> **RECORDS PROVIDED**
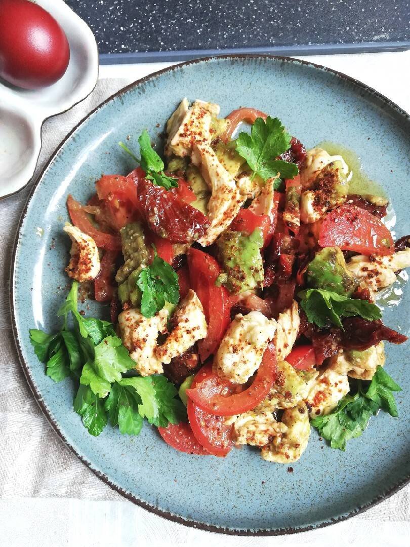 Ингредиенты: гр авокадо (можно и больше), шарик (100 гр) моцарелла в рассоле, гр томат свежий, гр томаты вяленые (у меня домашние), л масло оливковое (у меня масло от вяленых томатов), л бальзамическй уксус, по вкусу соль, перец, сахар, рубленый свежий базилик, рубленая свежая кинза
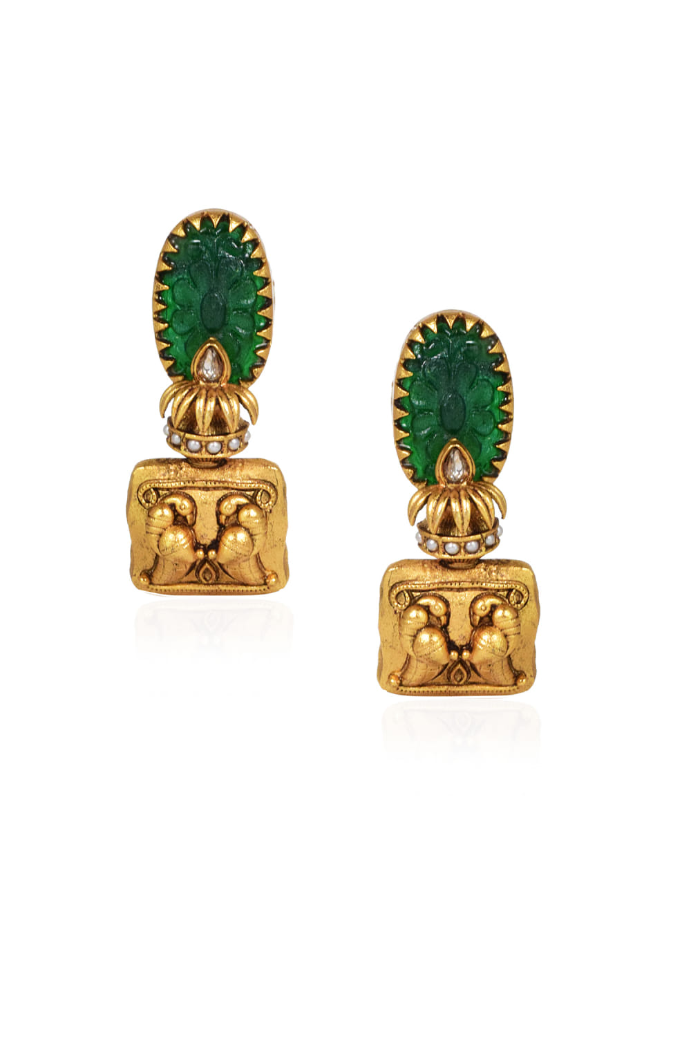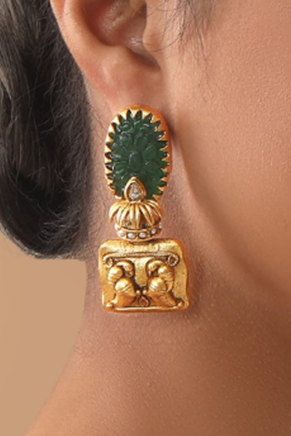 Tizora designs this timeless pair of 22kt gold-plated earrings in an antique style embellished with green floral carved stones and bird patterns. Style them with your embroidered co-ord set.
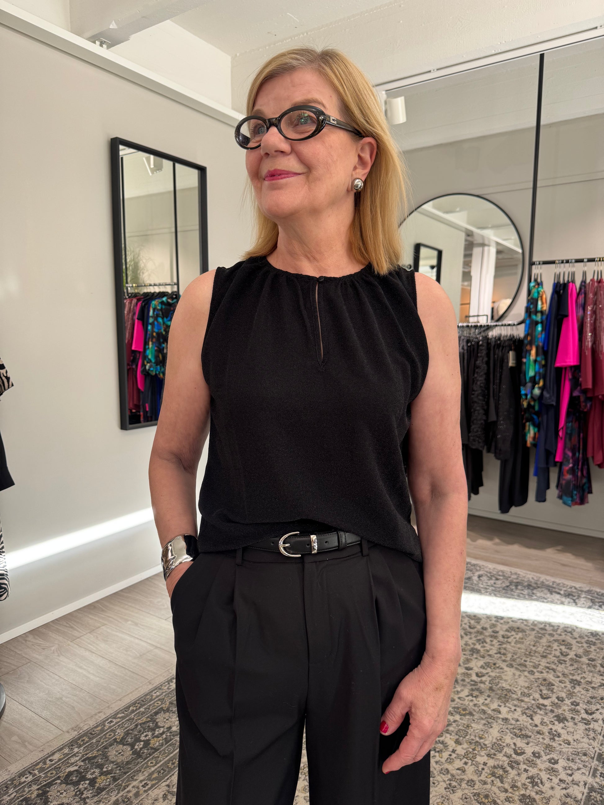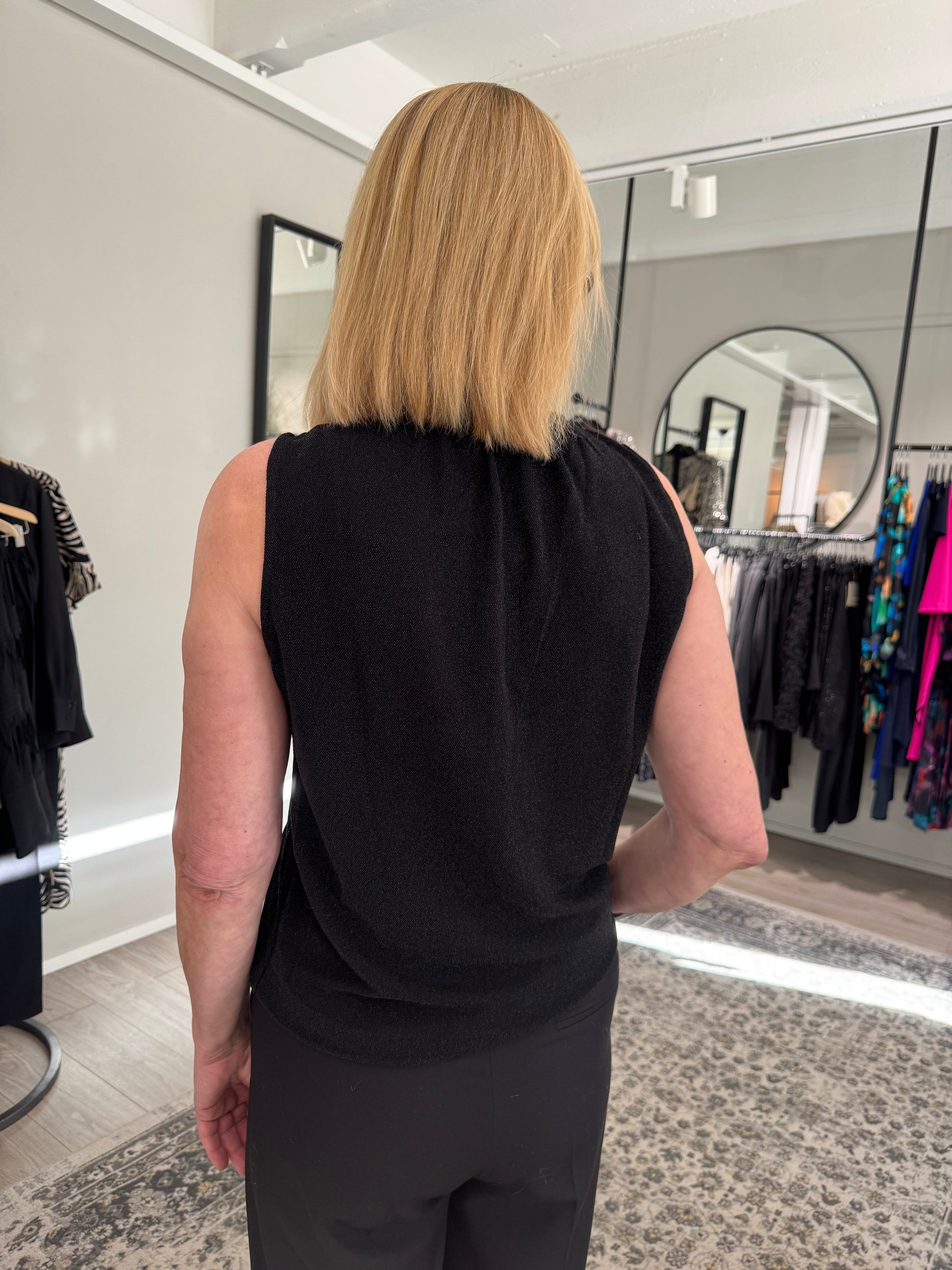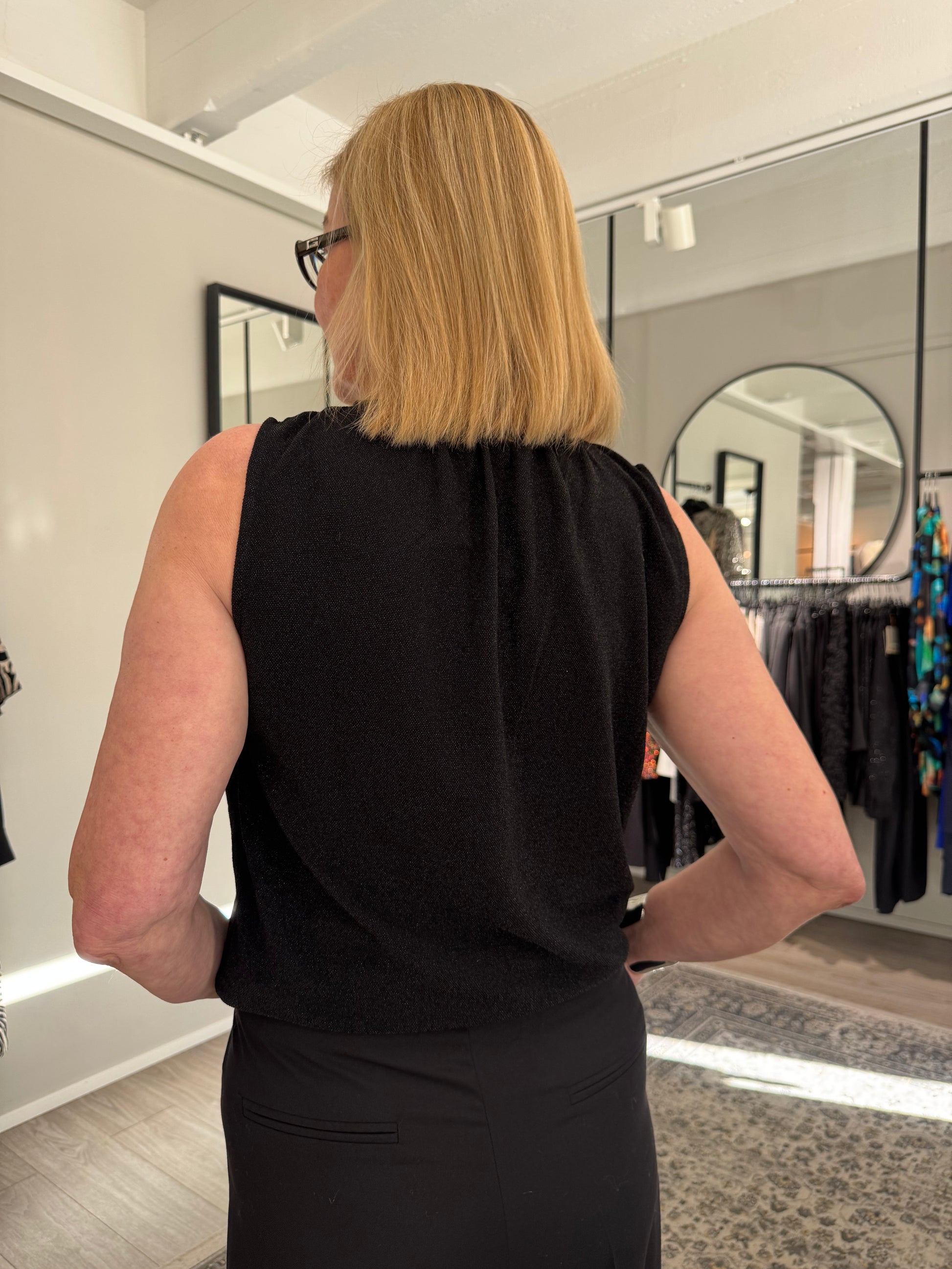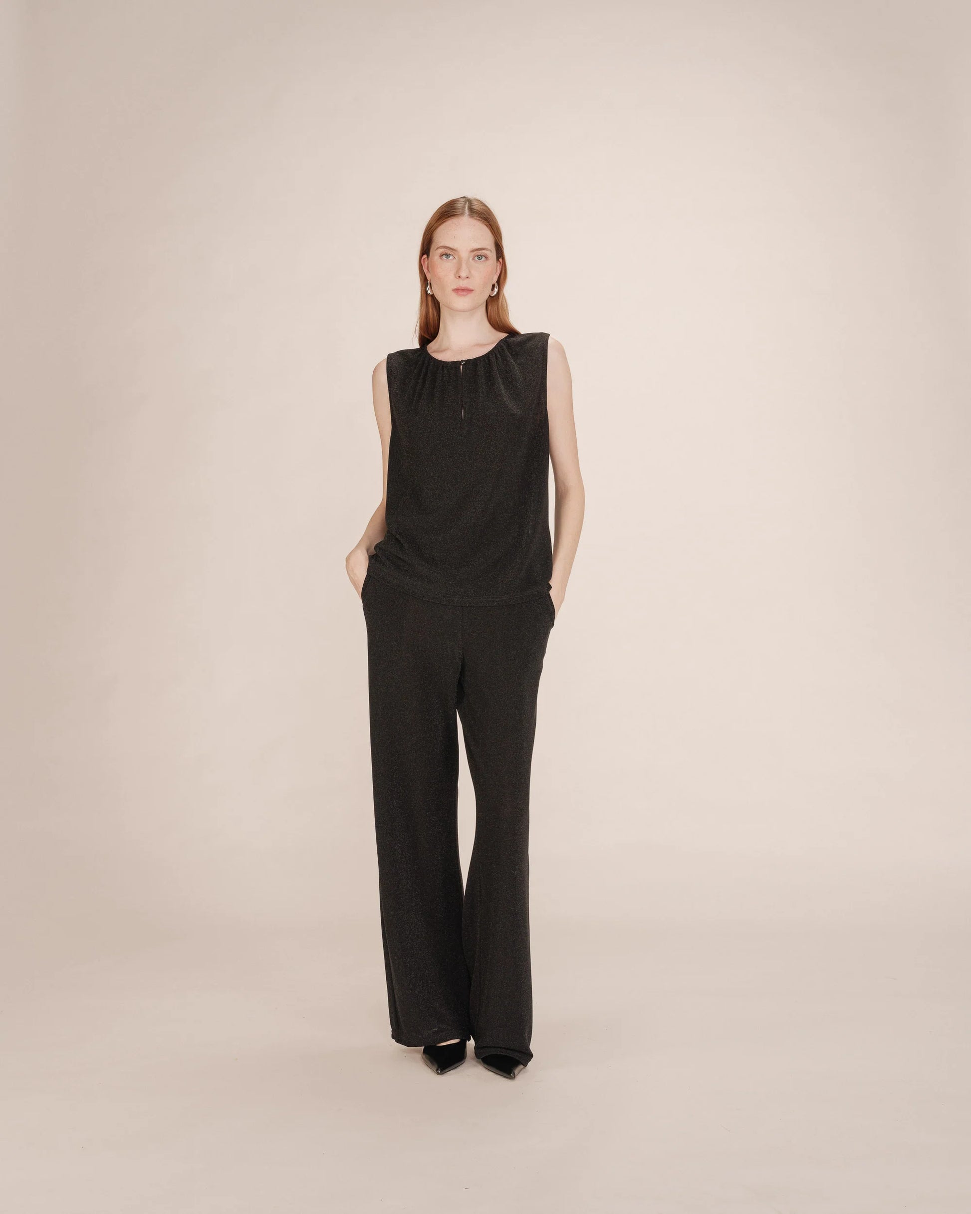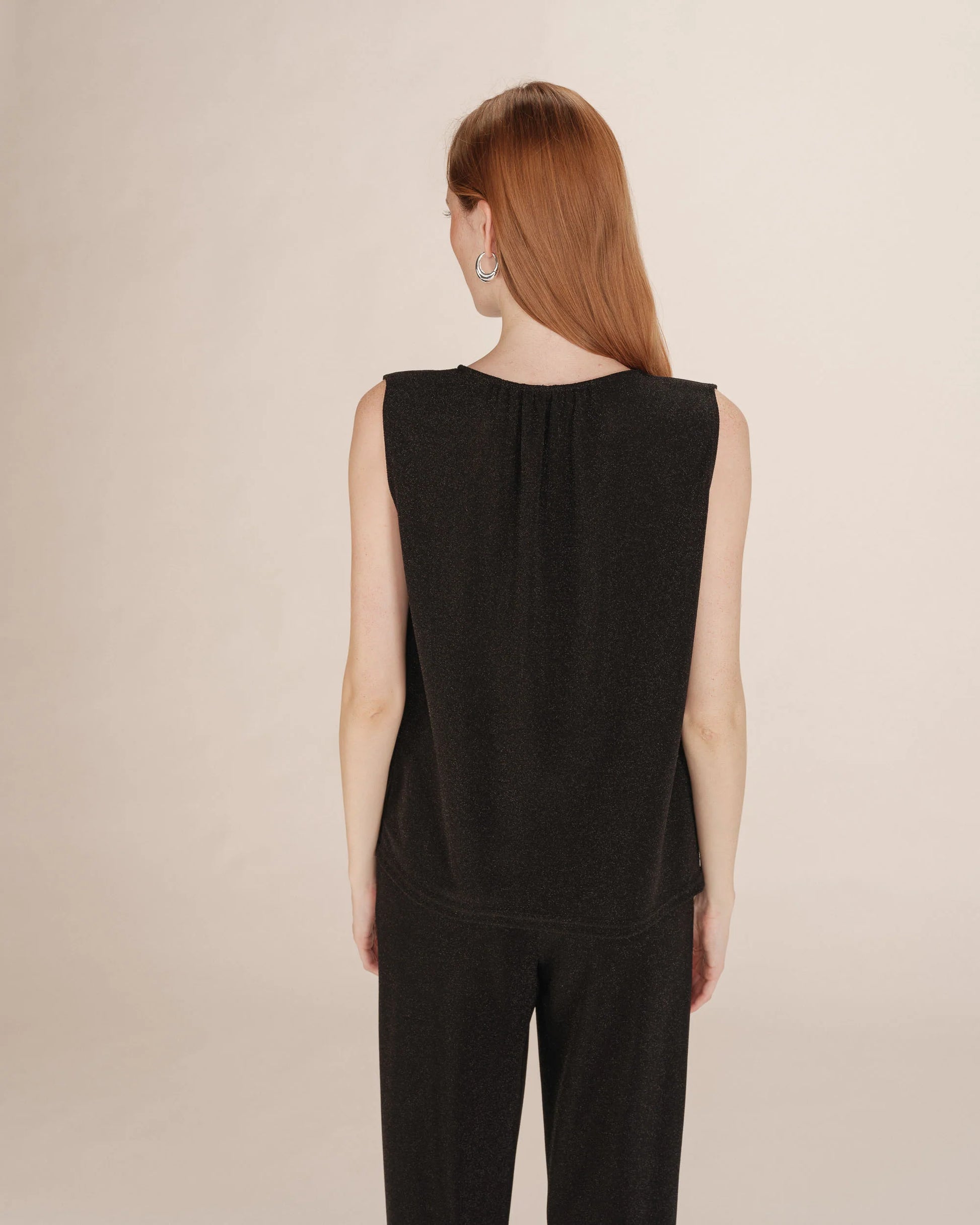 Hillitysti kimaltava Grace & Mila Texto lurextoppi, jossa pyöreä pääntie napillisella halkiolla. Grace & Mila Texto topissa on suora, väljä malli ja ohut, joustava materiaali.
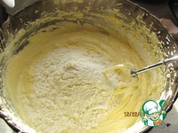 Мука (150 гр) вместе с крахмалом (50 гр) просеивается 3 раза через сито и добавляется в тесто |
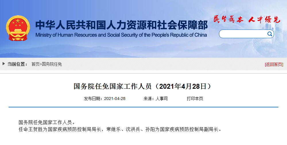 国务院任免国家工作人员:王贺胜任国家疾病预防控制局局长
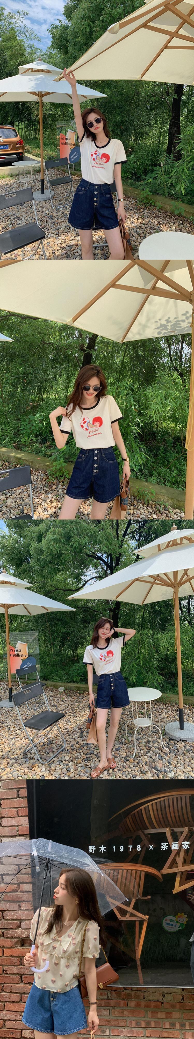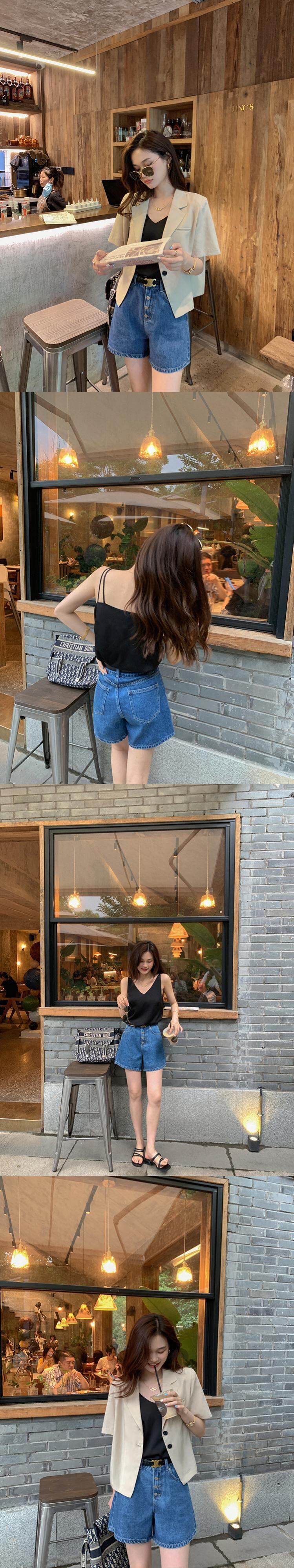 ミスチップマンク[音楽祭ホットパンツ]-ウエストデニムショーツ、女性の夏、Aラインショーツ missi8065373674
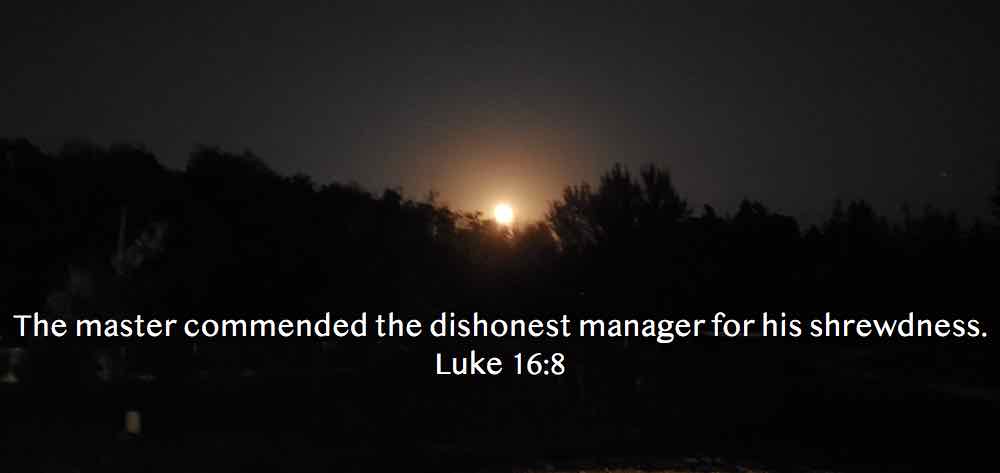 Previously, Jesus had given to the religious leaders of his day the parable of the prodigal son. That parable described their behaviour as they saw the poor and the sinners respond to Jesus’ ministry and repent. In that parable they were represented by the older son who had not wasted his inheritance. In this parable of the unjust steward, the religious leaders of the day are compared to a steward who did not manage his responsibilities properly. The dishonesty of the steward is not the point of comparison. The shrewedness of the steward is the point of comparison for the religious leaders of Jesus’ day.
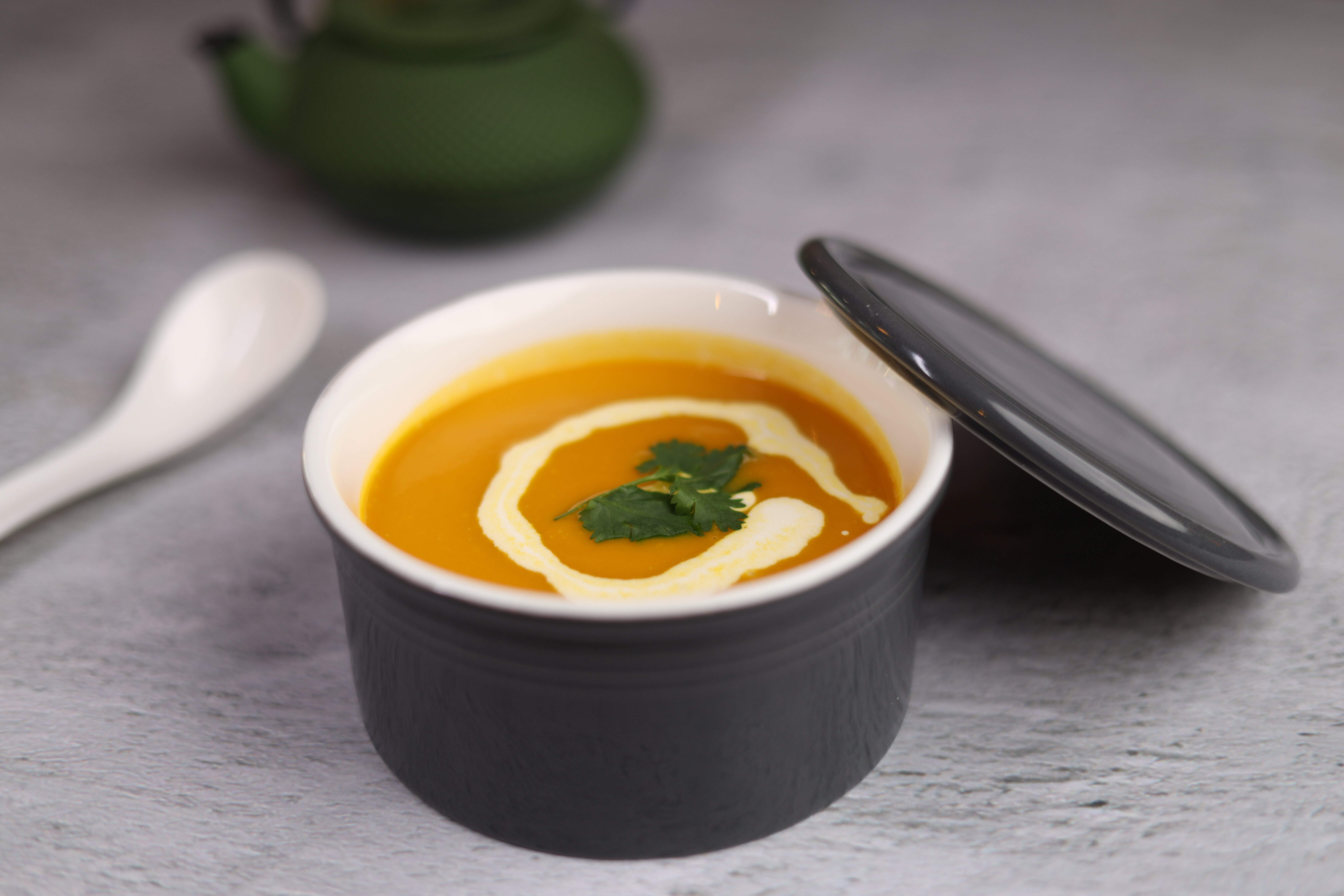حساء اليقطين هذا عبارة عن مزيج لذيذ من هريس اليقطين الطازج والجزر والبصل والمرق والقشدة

> **YOUR TASK**
Without any of the pictures, reproduce the listing above exactly.

> **WRITTEN RESPONSE**
 Ингредиенты: гр авокадо (можно и больше), шарик (100 гр) моцарелла в рассоле, гр томат свежий, гр томаты вяленые (у меня домашние), л масло оливковое (у меня масло от вяленых томатов), л бальзамическй уксус, по вкусу соль, перец, сахар, рубленый свежий базилик, рубленая свежая кинза
 Tizora designs this timeless pair of 22kt gold-plated earrings in an antique style embellished with green floral carved stones and bird patterns. Style them with your embroidered co-ord set.
 Hillitysti kimaltava Grace & Mila Texto lurextoppi, jossa pyöreä pääntie napillisella halkiolla. Grace & Mila Texto topissa on suora, väljä malli ja ohut, joustava materiaali.
 Мука (150 гр) вместе с крахмалом (50 гр) просеивается 3 раза через сито и добавляется в тесто |
 国务院任免国家工作人员:王贺胜任国家疾病预防控制局局长
 ミスチップマンク[音楽祭ホットパンツ]-ウエストデニムショーツ、女性の夏、Aラインショーツ missi8065373674
 Previously, Jesus had given to the religious leaders of his day the parable of the prodigal son. That parable described their behaviour as they saw the poor and the sinners respond to Jesus’ ministry and repent. In that parable they were represented by the older son who had not wasted his inheritance. In this parable of the unjust steward, the religious leaders of the day are compared to a steward who did not manage his responsibilities properly. The dishonesty of the steward is not the point of comparison. The shrewedness of the steward is the point of comparison for the religious leaders of Jesus’ day.
حساء اليقطين هذا عبارة عن مزيج لذيذ من هريس اليقطين الطازج والجزر والبصل والمرق والقشدة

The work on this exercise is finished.